The leading Nazis’s complicity in making the flight of Denmark’s Jews to Sweden possible suggests they were led by practical considerations. In the Danish context, continued cooperation with the ‘model protectorate’ and maintaining the flow or agricultural and mineral supplies weighed more heavily than the desire to annihilate the Jews.
Senior Nazis involvement was not driven by personal necessity. Hatred of the different was not some primordial force that was unleashed. Rather, it was a political convenience that could be used as needed and in most occupied territories the Nazis followed their interest in pursuing this with disastrous consequences. But without a sounding board- chauvinism and the refusal to transform fears into certain knowledge- the strategy did not work. It could be countered by simple means – even by a country that was defenseless and occupied- by a persistent national rejection assumption that there was a “Jewish problem” and politicians who refuse to use suspicion of ‘the other’ as their political tool.
The escape of the Danish Jews happened because they acted on their own initiative when warned of the impending threat against them.
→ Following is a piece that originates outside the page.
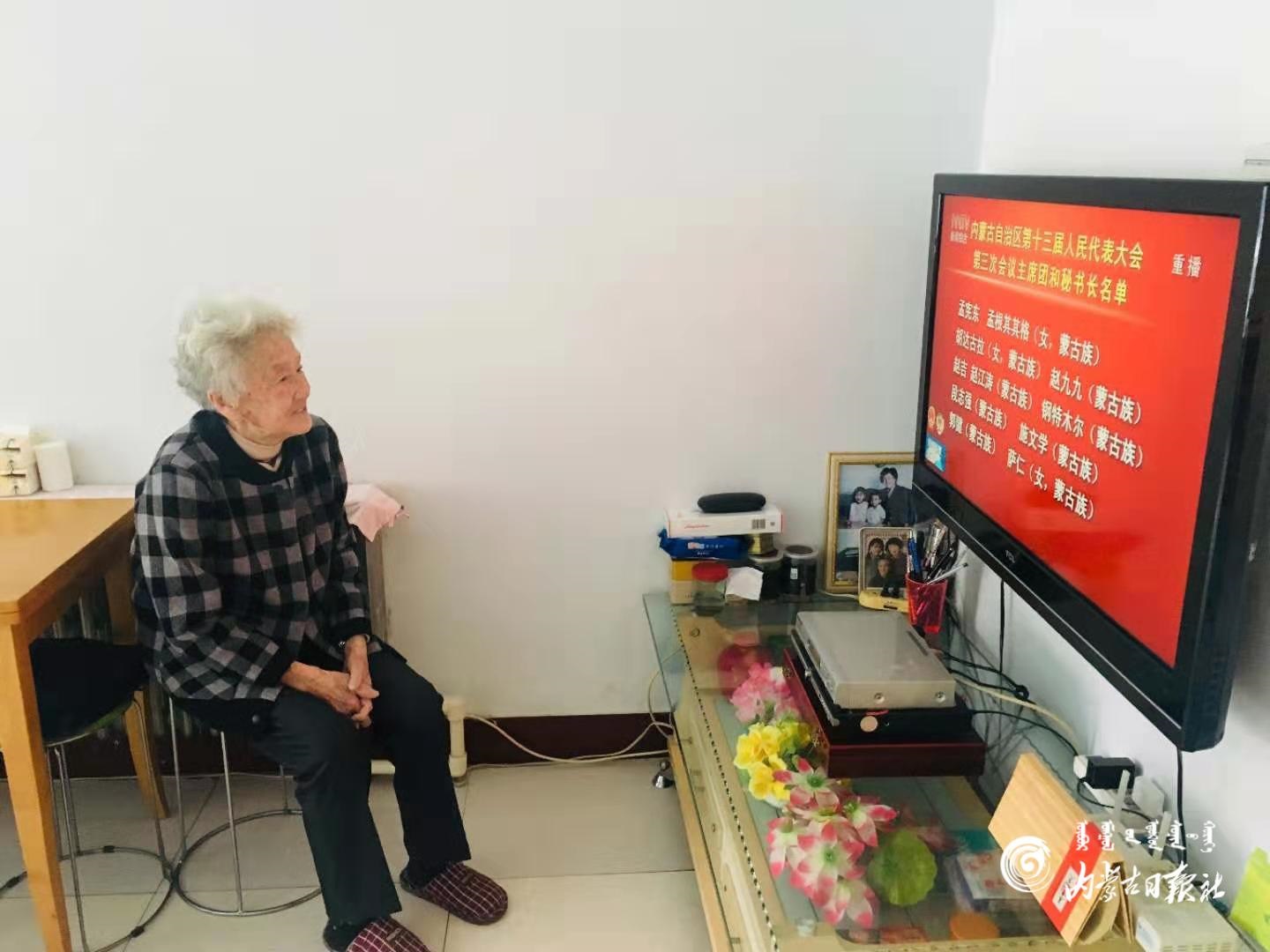 濱河社區(qū)82歲的老黨員田炬恒觀看自治區(qū)十三屆人大三次會(huì)議開(kāi)幕直播。

The hesitation of the Nazi leadership in Berlin and their officials in Denmark was caused primarily by the expectation of the Danish reaction and its negative ramifications for both the ‘model protectorate’ and the continued shipment of Danish provisions to Germany. But what made this possible, before anything else, was the fact that Danish society as a whole had so quickly, so consistently, and with such determination turned against the very idea underpinning the persecution of their fellow countrymen, and mobilized with utmost unity of purpose to facilitate their rescue. Their attitude and capacity to overcome their fears was anchored in the preceding ten years of anti-totalitarian Danish politics. The miraculous escape of the Danish Jews cannot be fully understood outside that political context.